Encarna tanto la forma como el espíritu, y constituye un todo unificado.

El poder contagioso de la danza es donde el alma encuentra su hogar.

El movimiento final terminó de forma limpia y decisiva, como una espada envainada, sin derramar una sola gota de sangre. Zhao Xiyin alzó la cabeza, con la mirada tan brillante y clara como el sol. Lo primero que vio fue a Cen Yue secándose las lágrimas de los ojos, seguido de aplausos dispersos, uno tras otro, como el preludio de una ola de calor, que finalmente estallaron en un estruendoso aplauso.

La maestra se hizo a un lado, con los labios ligeramente entreabiertos, lamentando claramente haberla elogiado tanto. Zhao Xiyin bailaba tan bien que no necesitaba comentarios ni halagos; la mirada del público era el testimonio más elocuente.

Cuando Zhao Xiyin bajó del escenario, el sudor perlaba su frente, haciendo que su ya bello rostro luciera aún más radiante.
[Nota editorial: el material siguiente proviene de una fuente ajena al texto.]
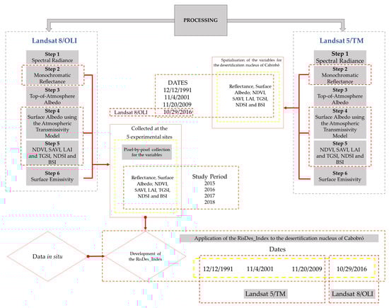 All the steps for image processing and product generation using the Landsat 5/TM and Landsat 8/OLI images are shown in Figure 3.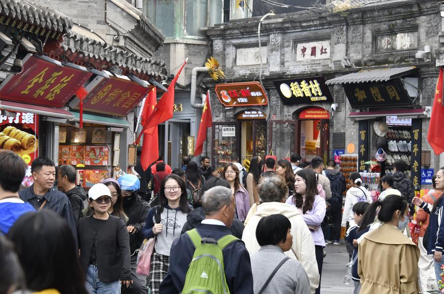 图为节日期间,游客游览北京烟袋斜街。新华社记者 李欣 摄

Al pasar junto a Lin Lang, le susurró con voz apenas audible: «Gracias por tu sugerencia».

El rostro de Lin Lang palideció, lo que demostró que las palabras de Zhao Xiyin eran ciertas: si te atreves a provocarme de nuevo, no saldrás impune.

El salto de Zhao Xiyin la ha catapultado por completo a la atención pública. Antes, mantenía un perfil bajo y no quería competir por la atención. Ahora que su brillantez ha salido a la luz, es deslumbrante e irreversible.